German confectionery manufacturer

Hitschler International GmbH & Co. KG is a German confectionery manufacturer based in Hürth near Cologne.

== History ==
Ferdinand Hitschler, the father of Karl Walter Hitschler, began trading tobacco and cachous in Cologne-Klettenberg in the late 1920s. In the mid-1930s, he founded the company Hitschler's Cachou which in 1946 was renamed to Ferdinand Hitschler & Sohn (Ferdinand Hitschler & Son). After the death of Ferdinand Hitschler in 1953, Walter Hitschler renamed the company once again to Hitschler International. In the 1950s, chewing gum was produced for Hitschler in the 1st German chewing gum factory, which was later taken over and expanded by Hitschler. In July 2010, the founder's son, who had run the company, died at the age of 88. For seven years, the management was taken over by managers who were not members of the founding family. In 2014, Hitschler was ranked 4th in terms of brand strength in the brand ranking of fruit gums, behind Haribo, Storck's and Katjes and ahead of Trolli and Frigeo.

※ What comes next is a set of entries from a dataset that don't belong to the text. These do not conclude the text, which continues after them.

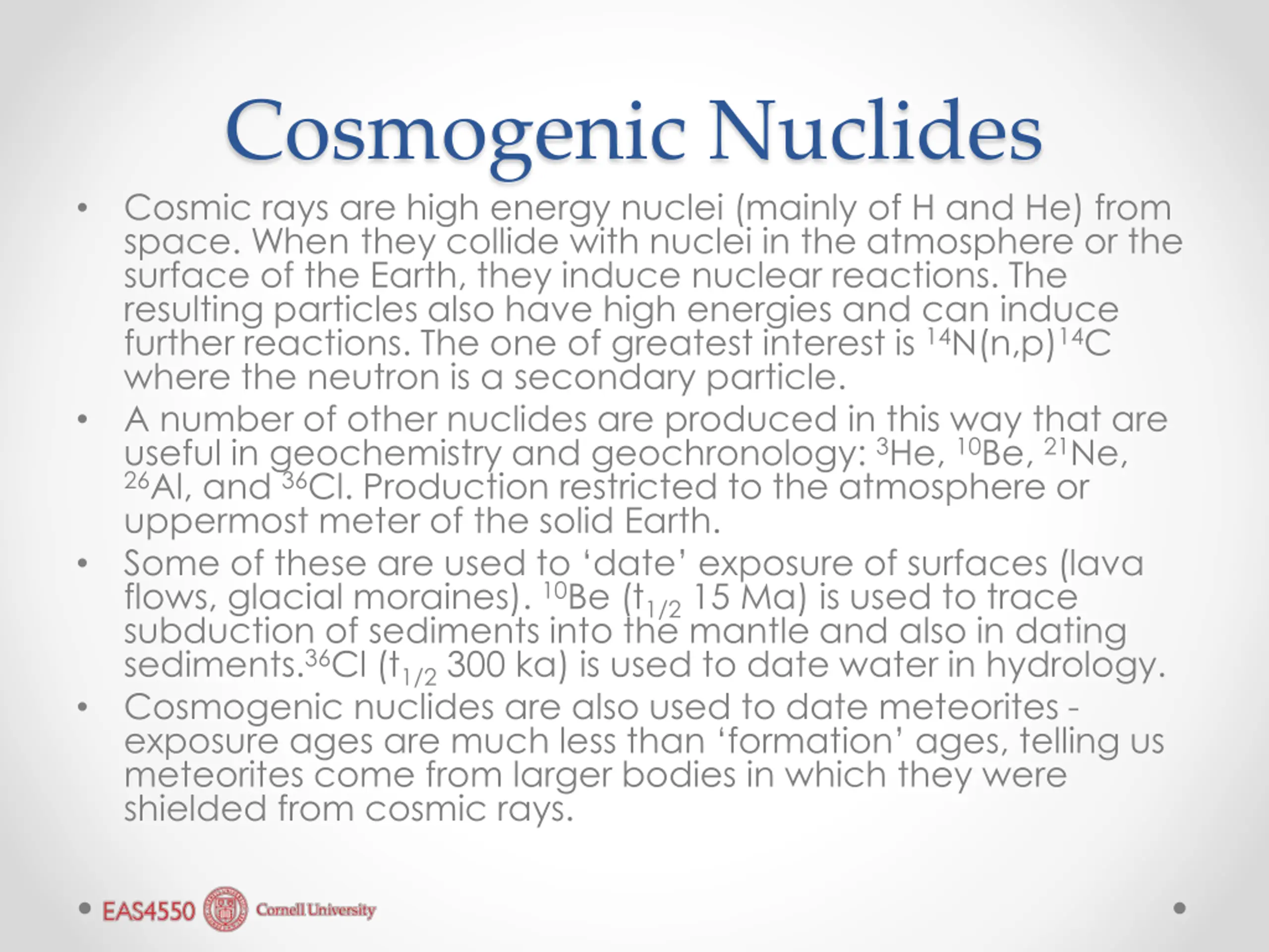 Cosmogenic Nuclides Cosmic rays are high energy nuclei (mainly of H and He) from space. When they collide with nuclei in the atmosphere or the surface of the Earth, they induce nuclear reactions. The resulting particles also have high energies and can induce further reactions. The one of greatest interest is 14N(n,p)14C where the neutron is a secondary particle. A number of other nuclides are produced in this way that are useful in geochemistry and geochronology: 3He, 10Be, 21Ne, 26Al, and 36Cl. Production restricted to the atmosphere or uppermost meter of the solid Earth. Some of these are used to date exposure of surfaces (lava flows, glacial moraines). 10Be (t1/215 Ma) is used to trace subduction of sediments into the mantle and also in dating sediments.36Cl (t1/2300 ka) is used to date water in hydrology. Cosmogenic nuclides are also used to date meteorites - exposure ages are much less than formation ages, telling us meteorites come from larger bodies in which they were shielded from cosmic rays.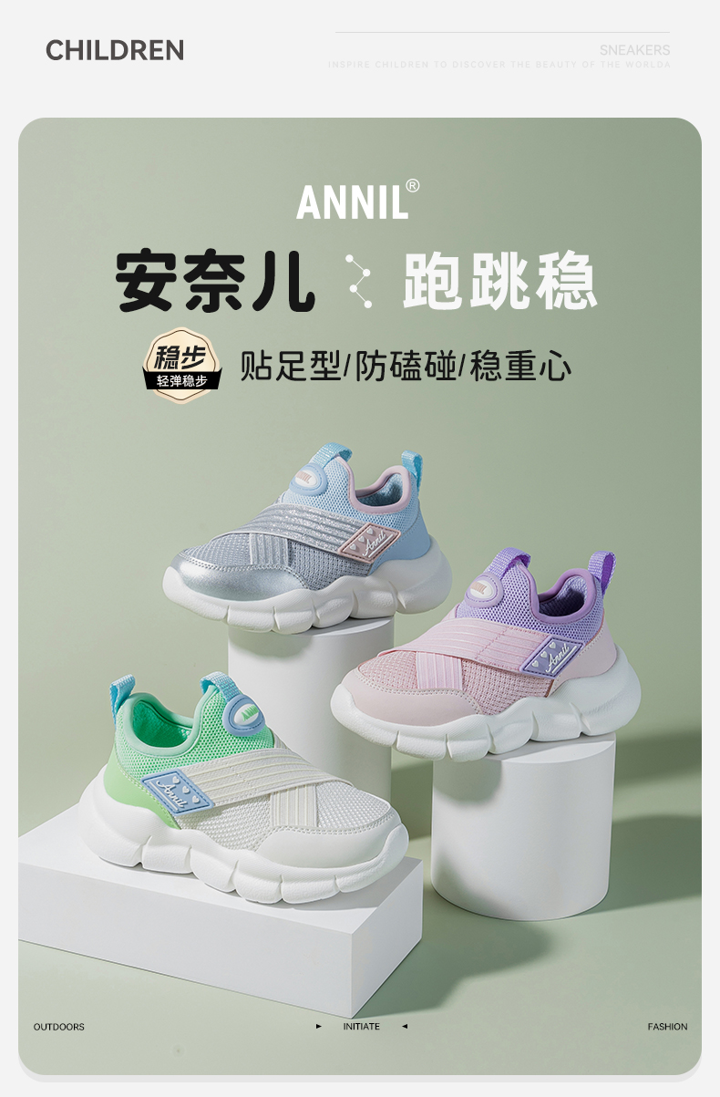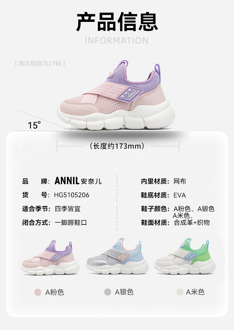 ANNIL/安奈儿儿童运动鞋2025春秋女童透气老爹鞋一脚蹬软底男童跑步鞋子HG5105206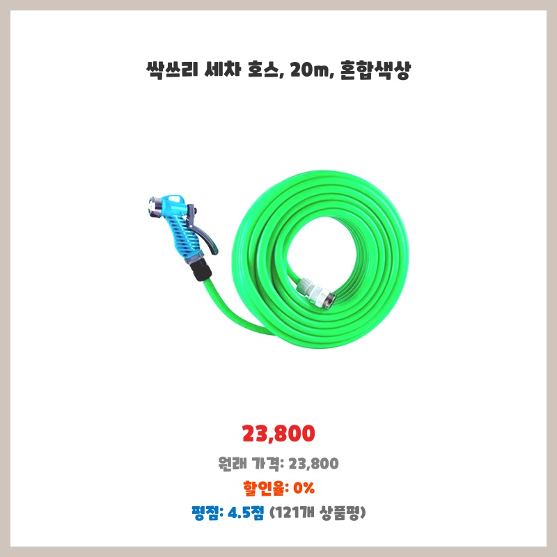기존 호스가 짧고 잘 꼬여서 싹쓰리 세차 호스(20m) 구매했습니다. 길이가 길어 세차하기 편하고, 꼬임 방지 기능 덕분에 수압 저하 없이 사용 가능합니다. 가볍고 내구성도 좋아 보여 오래 쓸 수 있을 것 같아 만족합니다.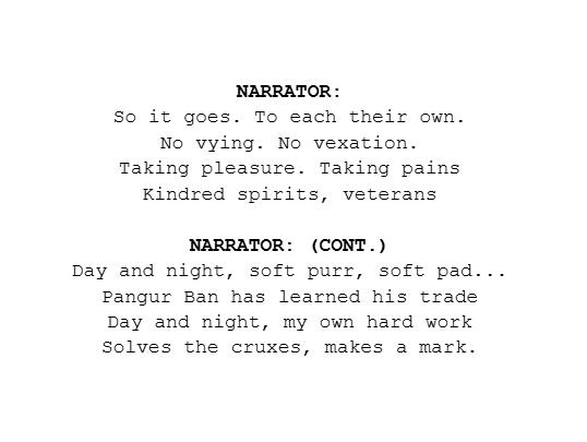 Barks were triggered upon interacting with items in the game, and completing quest goals. The Narrator character was based off of the "monk" character in the original Pangur Ban poem, but we took the creative liberty to adapt the story into that of an Irish nun instead.Voice over direction was provided to the talent, who recited the lines provided in the script.

Since November 2017, the company has been managed by the great-grandson of the company's founder, Philip Hitschler-Becker. In 2020, the headquarters were moved from Cologne to the city limits in Hürth-Kalscheuren; the brand was renamed hitschies in 2021.

The company had a turnover of 58.0 million euros in 2021. One production site is located in Michelstadt in the Odenwald in Hesse.

== Product range ==
The product range consists mainly of chewy candies, chewy candy dragees, fruit gums, chewing gum, wafers with fizzy filling and foam sugar products. Some products do not contain gelatine. From 2023, the company plans to produce completely gelatine-free.